Cuando Daniel calló, los ojos del señor temblaban. ¿Cómo podía quejarse todos los días de su trabajo? Esa descripción de Daniel, era exactamente lo que él hacía. Nunca vio la magia, nunca apreció ese milagro.

Le pidió que llevara a su padre al otro día. Le ofreció trabajo, a pesar de saber que la situación era difícil, y que tendría que compartir con él lo poco que producía la panadería. Pero el padre de Daniel trabajaba incansablemente, y el amor por ese trabajo hizo el resto. El negocio prosperó y pronto necesitaron producir más. El padre de Daniel insistió en el horno de leña, sabía que a pesar de la comodidad de los hornos modernos, su bisabuelo siempre le había insistido en seguir con esos hornos tradicionales. Y ahora estaban allí en ese patio, esas bocas milagrosas.
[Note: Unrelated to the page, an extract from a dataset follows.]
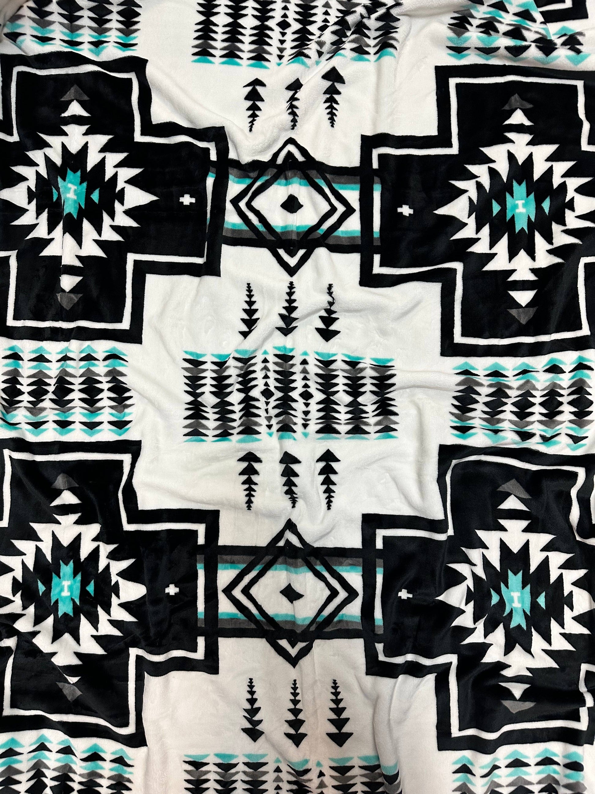 NEW WHITE & TURQUOISE SOUTHWEST AZTEC PRINT BLANKET

Empezaron a llevar al abuelo, que ya había perdido todas las ganas de vivir. Pero igual que a Daniel el pan volvió a darle una razón para seguir luchando. Compartió todos los secretos, todos los recuerdos, todos los pases mágicos.

No estaban en su pueblo, pero gracias a aquel ángel con gorro de panadero, ese olor celestial retornó a sus vidas y sus corazones volvieron a latir.